[Data section]
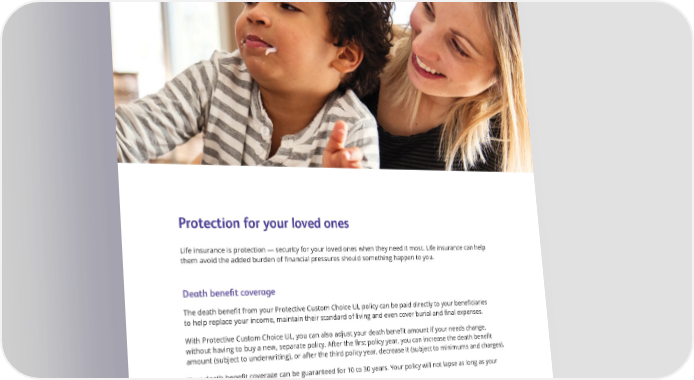 Protection for your loved ones Life insurance is protection — security for your loved ones when they need it most. Life insurance can help them avoid the added burden of 昀椀nancial pressures should something happen to you. Death bene昀椀t coverage The death bene昀椀t from your Protective Custom Choice UL policy can be paid directly to your bene昀椀ciaries to help replace your income, maintain their standard of living and even cover burial and 昀椀nal expenses. With Protective Custom Choice UL, you can also adjust your death bene昀椀t amount if your needs change, without having to buy a new, separate policy. After the 昀椀rst policy year, you can increase the death bene昀椀t amount (subject to underwriting), or after the third policy year, decrease it (subject to minimums and charges). Your death bene昀椀t coverage can be guaranteed for 10 to 30 years. Your policy will not lapse as long as your 1 planned premiums are paid. 1 Lapse protection guarantees the policy death bene昀椀t for the duration of the guarantee and does not cover cash or surrender value. Loans, withdrawals and other policy and premium changes will a昀昀ect the cost and length of protection. Failure to make premium payments as planned may cause the policy to lose lapse protection and premiums required to restore it could be signi昀椀cantly higher. Refer to the policy and endorsements for complete terms, conditions and limitations. 1
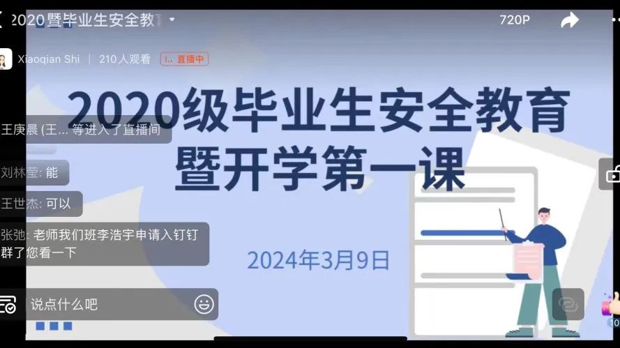 2020级辅导员史小倩线上为同学们讲解了交通安全、信息安全、防诈骗安全等方面知识,并结合毕业生特点,给同学们提供了职业规划和学业发展建议。她鼓励同学们明确目标,确定理想,努力积累经验,不断提升自己的综合素质。同时,她也强调了面对就业压力和挑战时保持积极心态的重要性,希望同学们能调整好心态,积极投身于就业浪潮。
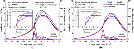 Figure 6 shows the results of the in-cylinder pressure and ROHR curves for JP-5 and biodiesel for the multiple split injection strategies.
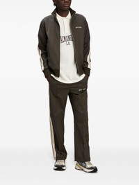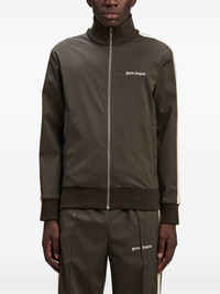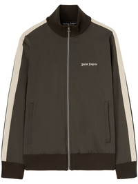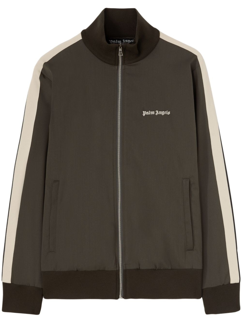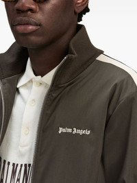logo-embroidered jacket Highlights - Taupe brown - Embroidered logo at the chest - Front zip fastening - High neck - Stripe detailing - Two side slit pockets - Long sleeves - Straight hem Made in Italy Composition Polyester 55%, Virgin Wool 43%, Spandex/Elastane 2%

[Exercise aim] Nothing should be printed except the lines from the one with "2020级辅导员史小倩线上为" through the last line of the listing above, both ends included; please drop the pictures.

[Answer space]
 2020级辅导员史小倩线上为同学们讲解了交通安全、信息安全、防诈骗安全等方面知识,并结合毕业生特点,给同学们提供了职业规划和学业发展建议。她鼓励同学们明确目标,确定理想,努力积累经验,不断提升自己的综合素质。同时,她也强调了面对就业压力和挑战时保持积极心态的重要性,希望同学们能调整好心态,积极投身于就业浪潮。
 Figure 6 shows the results of the in-cylinder pressure and ROHR curves for JP-5 and biodiesel for the multiple split injection strategies.
logo-embroidered jacket Highlights - Taupe brown - Embroidered logo at the chest - Front zip fastening - High neck - Stripe detailing - Two side slit pockets - Long sleeves - Straight hem Made in Italy Composition Polyester 55%, Virgin Wool 43%, Spandex/Elastane 2%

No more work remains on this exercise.